Work item.
Your answer should give again, exactly, the lines from the beginning of the entries below through the line containing "Accueil > Archivage". It must contain no pictures.

Exercise material.
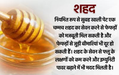 नियमित रूप से सुबह खाली पेट एक चम्मच शहद का सेवन करने से फेफड़ों को मजबूती मिल सकती है और फेफड़ों से जुड़ी बीमारियां भी दूर हो सकती हैं। शहद के सेवन से फ्लू के लक्षणों को कम करने और इम्युनिटी पावर बढ़ाने में भी मदद मिलती है।
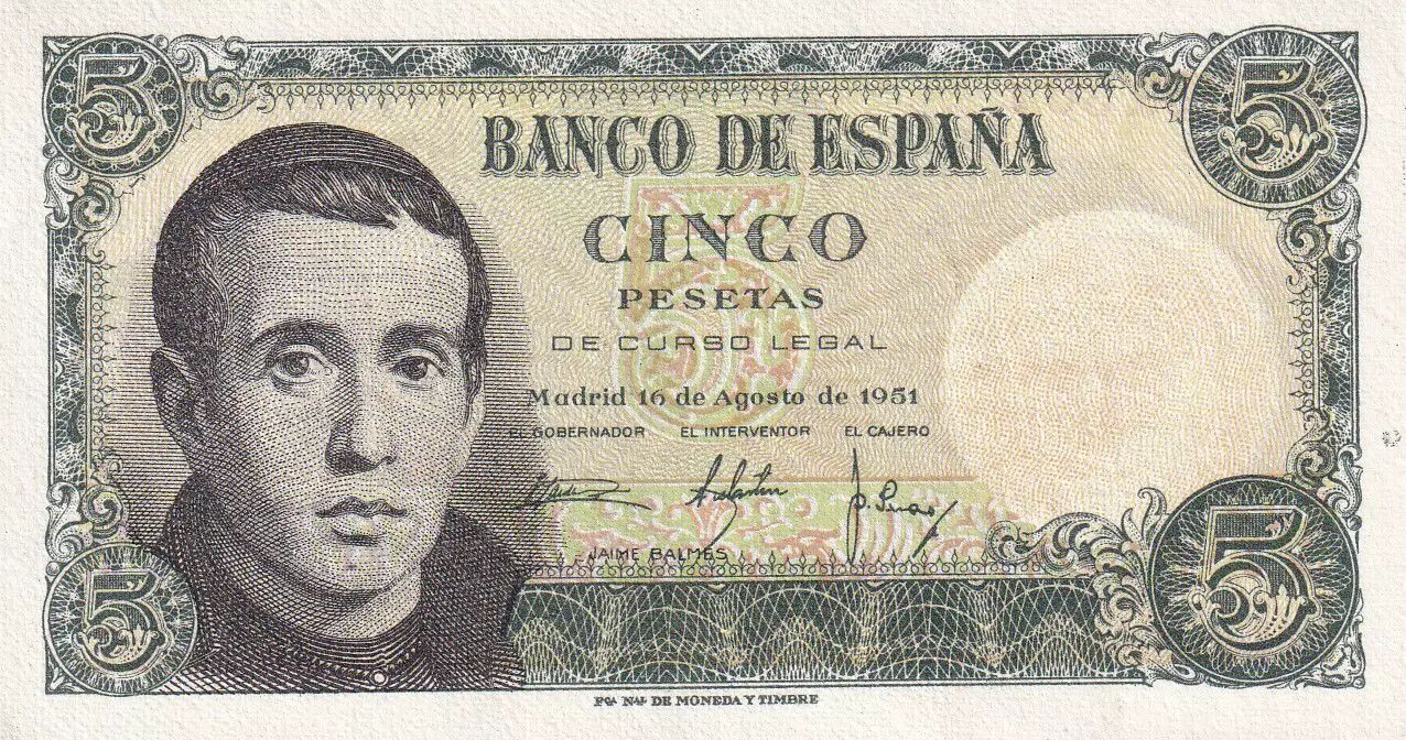 Accueil > Archivage > Espagne 5 Pestas - Jaime Balmes - 1951 - Série E - P.140
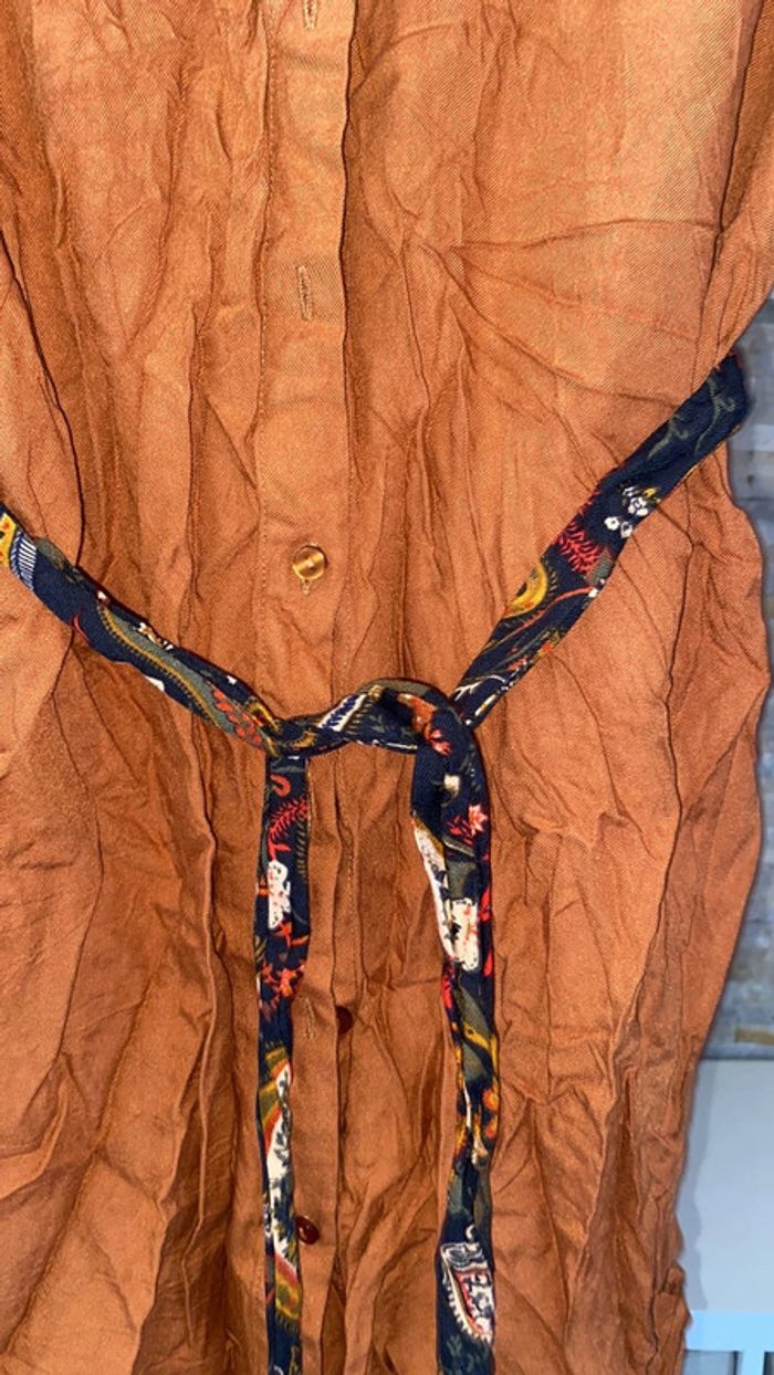 Robe légère se porte au dessus du genou, 2 poches sur face avant. Ceinture à la taille Désolé elle n’est pas repassée 😉
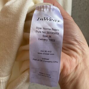 This cardigan is in new condition. I bought to wear to a summer wedding at a yacht club and wore it for about 20min that evening. It is ridiculously soft and has a beautiful little gold chain closure detail. Originally cost $65+tax.
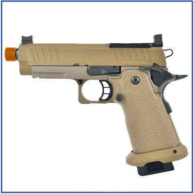 The real Staccato P is approved for duty by more than 1,300+ law enforcement agencies and carried by elite units like the Texas Rangers and the US Marshals Special Operations Group, as well as thousands of officers across the country. The P is finely crafted with wide lightening cuts at the front and rear of the slide providing superior grip while racking it back, reduced recoil and improved cycling speed. The slide is RMR ready and comes with a RMR plate for the installation of your favorite reflex dot sight. Additionally, slide comes equipped with a fiber optic front sight and a tall rear sight that allowing continued functionality when a reflex dot sight is installed. The P metal frame is a robust and nicely weighted for a more realistic look and feel and comes with an under barrel accessory rail for your favorite lights or lasers. Preinstalled is a hand-stippled polymer grip which provides a comfortable and secure hold. Other features include a skeletonized trigger and textured trigger guard continuing to provide more stability while firing. The icing on this cake is the authentic licensed logos, patterns and roll marks of Staccato.
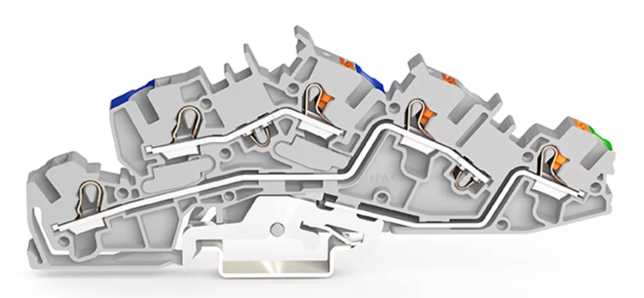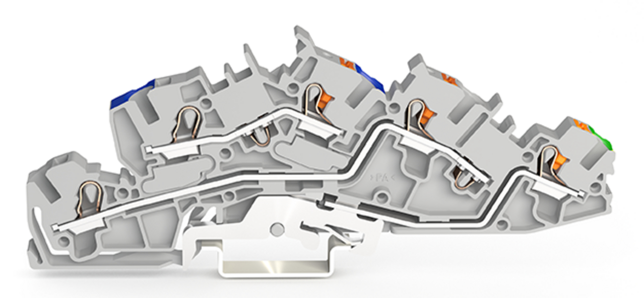 Piętrowa złączka instalacyjna; z otworami montażowymi i przyciskami; 4 mm²; N/L/PE; Push-in CAGE CLAMP®; 4,00 mm²; szara

Result for this task.
 नियमित रूप से सुबह खाली पेट एक चम्मच शहद का सेवन करने से फेफड़ों को मजबूती मिल सकती है और फेफड़ों से जुड़ी बीमारियां भी दूर हो सकती हैं। शहद के सेवन से फ्लू के लक्षणों को कम करने और इम्युनिटी पावर बढ़ाने में भी मदद मिलती है।
 Accueil > Archivage > Espagne 5 Pestas - Jaime Balmes - 1951 - Série E - P.140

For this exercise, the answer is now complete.